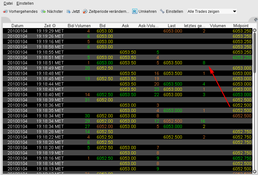 aber ich gebe dir gerne auch dieses times&sales hier ... bei mir sind irgendwie mehr Zahlen drauf ... was mich bei deinem aber auch wundern würde: da wären dann tatsächlich mehr als 50sec. keinerlei dax-futs gehandelt worden, was ich stark bezweifeln würde ...
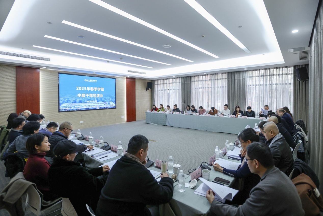 2月14日,上海美术学院召开2025年春季中层干部工作务虚会。本次会议是在全院上下深入学习贯彻党的二十大、二十届三中全会以及全国教育大会精神背景下召开的。2025年正值“十四五”规划收官之年和“十五五”规划制定的战略窗口期,为进一步落实好学校第四次党代会精神,激发中层干部“追卓越、创一流”活力,上海美术学院召开本次会议。
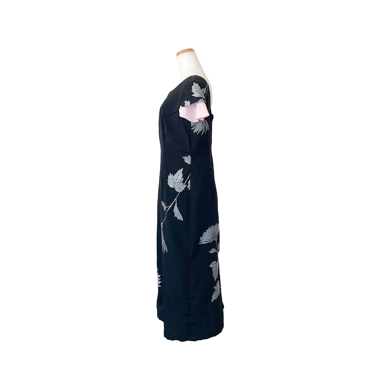 一見シンプルな中に、背中が大きく開いたセクシーさ、肩山を隠す小さなフリルのお袖でフェミニンさも忘れずに。
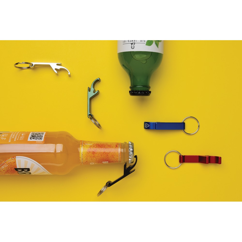 Otwieracz do butelek i puszek, wykonany z aluminium z recyklingu, całkowita zawartość materiałów z recyklingu obliczona w oparciu o wagę całkowitą przedmiotu: 79%
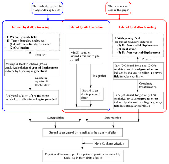 A similar analytical calculation procedure is adopted in this paper to obtain the potential plastic zone induced by tunnel excavation adjacent to a pile foundation in a gravity field. Figure 2 shows the comparison of the calculation procedure in this paper and that in [11].
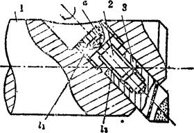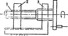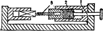 释义 | 差动螺旋机构 例5.2-111 典型差动螺旋机构 该机构由主动螺杆1、螺母滑块2和带螺孔的机架3组成。螺杆1由导程分别为l2、l3的两段螺旋制成,分别与螺母2、机架3构成螺旋副。当螺杆1转动φ角时,螺母2的移动距离S为 两螺旋旋向相同时取“-”相反时取“+”。差动螺旋机构广泛用于测微计、分度机构、调节机构及夹具等。 例5.2-112 铣刀心轴紧固机构 铣床主轴3上的螺旋和铣刀心轴2上的螺旋分别与紧固螺母1配合,两螺旋均为左螺旋,其导程不等(l3>l2)。当按图示方向转动螺母1时,则使心轴2移向主轴3的锥孔,并在孔内固紧;当反向转动1时则松开,可拔出心轴。 例5.2-113 镗刀进刀量调节机构 镗床主轴1安装镗刀3,其进刀量的调节由转动双螺杆2实现。螺杆2上端与主轴1的螺孔配合,其下端与镗刀3的螺孔配合;两段螺旋均为右螺旋,其导程分别为l1、l3。若取l1=1.25mm、l3=1mm,按图示方向旋转螺杆2时,则每转10°,镗刀沿刀杆方向的进刀量为S=O.0069mm。图中螺杆尾部的a处为调节用六角孔。 例5.2-114 气阀开关微调机构 该机构为同心同向螺距不等的差动螺旋机构。主动螺杆1的外螺旋与机架的螺孔2配合,1的内螺旋与阀门的螺杆3配合,阀门与机架构成移动副。可作为煤气罐气阀开关用,具有可缓慢开闭和微调的功能, |
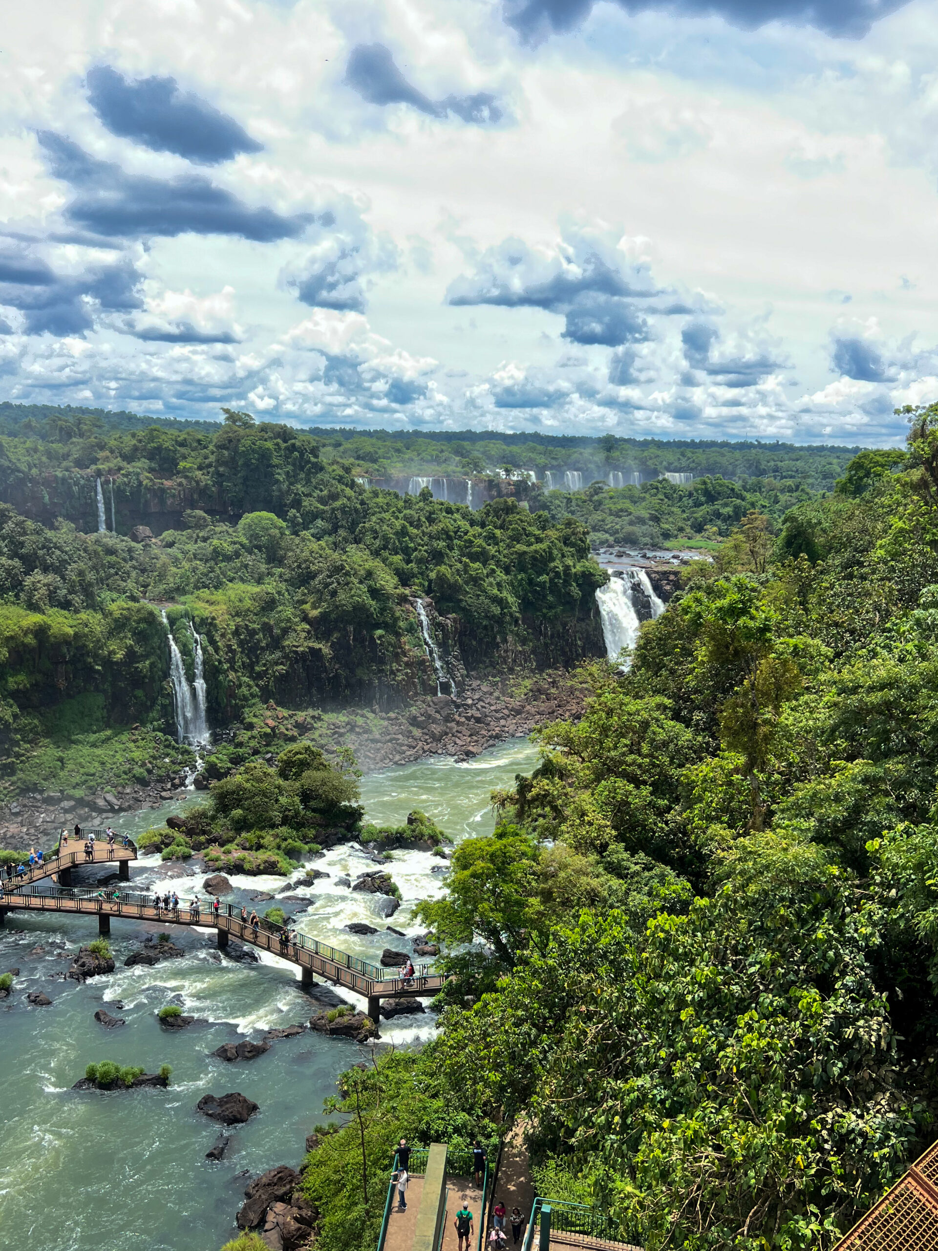 Na końcu ścieżki znajduje się kładka, z której można zajrzeć wprost do Gardzieli Diabła. Tu tłum turystów jest największy, ale widok rekompensuje każdą chwilę oczekiwania. Dla tych, którzy chcą spojrzeć na wodospady z góry, dostępna jest winda prowadząca na taras widokowy, skąd można podziwiać imponującą panoramę całego systemu kaskad i otaczającej je dżungli. To doświadczenie, które na długo pozostaje w pamięci — zarówno dzięki ogromowi wodospadów, jak i perfekcyjnie zaplanowanej infrastrukturze parku, pozwalającej cieszyć się każdym kadrem bez pośpiechu.
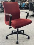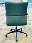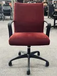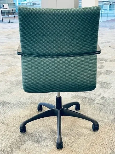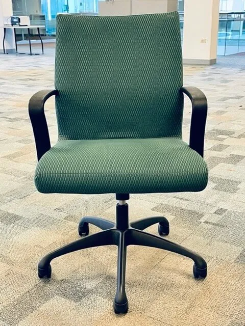 This chair comes black frame and base structure. Red and Green upholstered fabric back and seat. Black caster wheels.
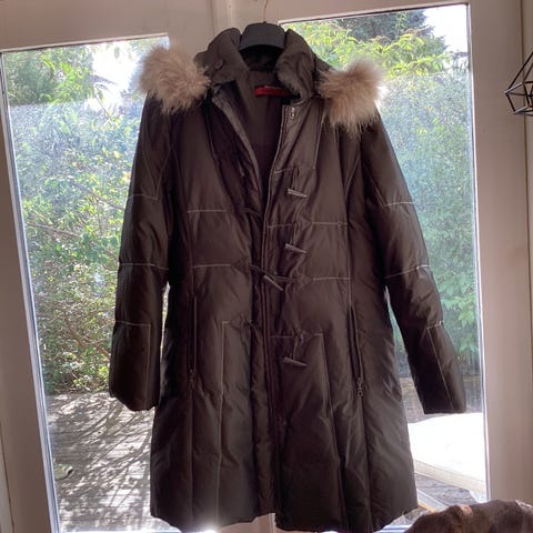 Jakke, str. 38, Taifun, Mørkebrun, Dun, Næsten som ny, Meget flot og lækket Dun jakke med aftagelig hætte.med ægte pels BASKEBJØRN i beige tone
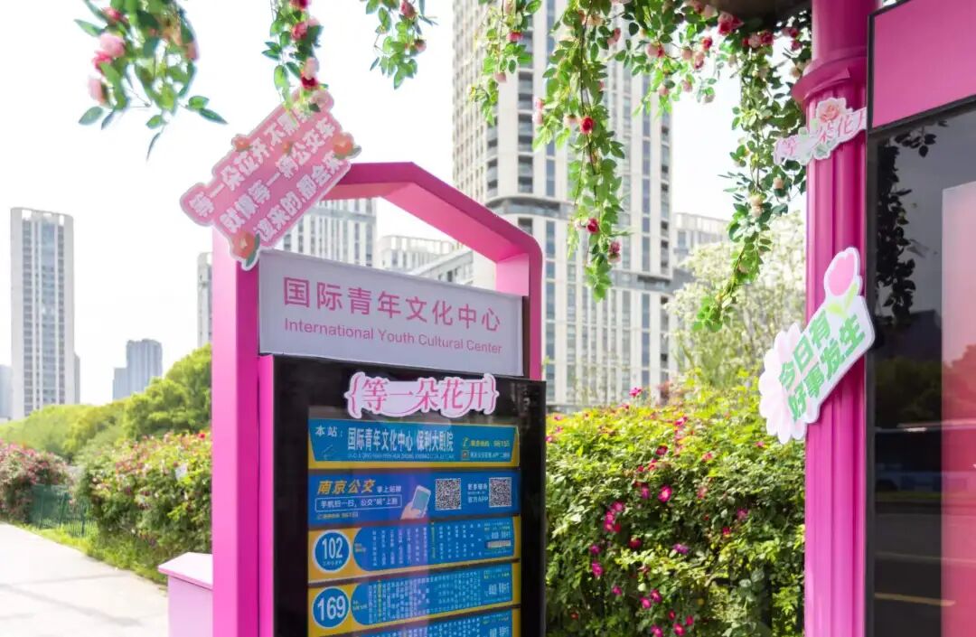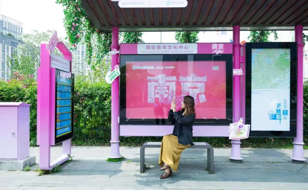 此外,公园还与南京公交集团合作,在公交车站融入花瓣、藤蔓、邮筒等元素的粉色沉浸式艺术场景,将候车空间打造成“粉色春日画廊”,为“春日经济”注入了可持续的公共服务能量。
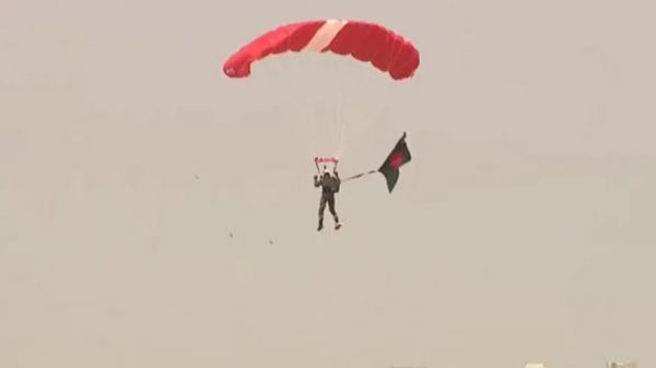 ডেস্ক রিপোর্ট : মহান বিজয় দিবসের ৫৪তম বার্ষিকী উপলক্ষে ‘টিম বাংলাদেশের’ ৫৪ জন প্যারাট্রুপার এক সাথে জাতীয় পতাকা হাতে প্যারাস্যুটিং করে বিশ্ব রেকর্ড গড়েছেন। এটি বিশ্বের বুকে সর্বাধিক পতাকা হাতে
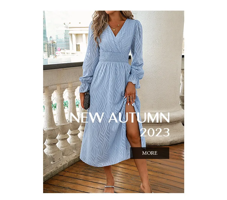 This dress features a jacquard design that adds texture and three-dimensionality to the outfit. The loose long-sleeved design is both comfortable and stylish, covering the fat on the arms. The overall style is elegant and generous, suitable for all occasions.

::::

**What is needed:** Above are the records; copy exactly the lines from the one with "A similar analytical" through the one with "Na końcu ścieżki", including both, and nothing more. Leave out pictures.

**Answer:**
 A similar analytical calculation procedure is adopted in this paper to obtain the potential plastic zone induced by tunnel excavation adjacent to a pile foundation in a gravity field. Figure 2 shows the comparison of the calculation procedure in this paper and that in [11].
 释义 | 差动螺旋机构 例5.2-111 典型差动螺旋机构 该机构由主动螺杆1、螺母滑块2和带螺孔的机架3组成。螺杆1由导程分别为l2、l3的两段螺旋制成,分别与螺母2、机架3构成螺旋副。当螺杆1转动φ角时,螺母2的移动距离S为 两螺旋旋向相同时取“-”相反时取“+”。差动螺旋机构广泛用于测微计、分度机构、调节机构及夹具等。 例5.2-112 铣刀心轴紧固机构 铣床主轴3上的螺旋和铣刀心轴2上的螺旋分别与紧固螺母1配合,两螺旋均为左螺旋,其导程不等(l3>l2)。当按图示方向转动螺母1时,则使心轴2移向主轴3的锥孔,并在孔内固紧;当反向转动1时则松开,可拔出心轴。 例5.2-113 镗刀进刀量调节机构 镗床主轴1安装镗刀3,其进刀量的调节由转动双螺杆2实现。螺杆2上端与主轴1的螺孔配合,其下端与镗刀3的螺孔配合;两段螺旋均为右螺旋,其导程分别为l1、l3。若取l1=1.25mm、l3=1mm,按图示方向旋转螺杆2时,则每转10°,镗刀沿刀杆方向的进刀量为S=O.0069mm。图中螺杆尾部的a处为调节用六角孔。 例5.2-114 气阀开关微调机构 该机构为同心同向螺距不等的差动螺旋机构。主动螺杆1的外螺旋与机架的螺孔2配合,1的内螺旋与阀门的螺杆3配合,阀门与机架构成移动副。可作为煤气罐气阀开关用,具有可缓慢开闭和微调的功能, |
 Na końcu ścieżki znajduje się kładka, z której można zajrzeć wprost do Gardzieli Diabła. Tu tłum turystów jest największy, ale widok rekompensuje każdą chwilę oczekiwania. Dla tych, którzy chcą spojrzeć na wodospady z góry, dostępna jest winda prowadząca na taras widokowy, skąd można podziwiać imponującą panoramę całego systemu kaskad i otaczającej je dżungli. To doświadczenie, które na długo pozostaje w pamięci — zarówno dzięki ogromowi wodospadów, jak i perfekcyjnie zaplanowanej infrastrukturze parku, pozwalającej cieszyć się każdym kadrem bez pośpiechu.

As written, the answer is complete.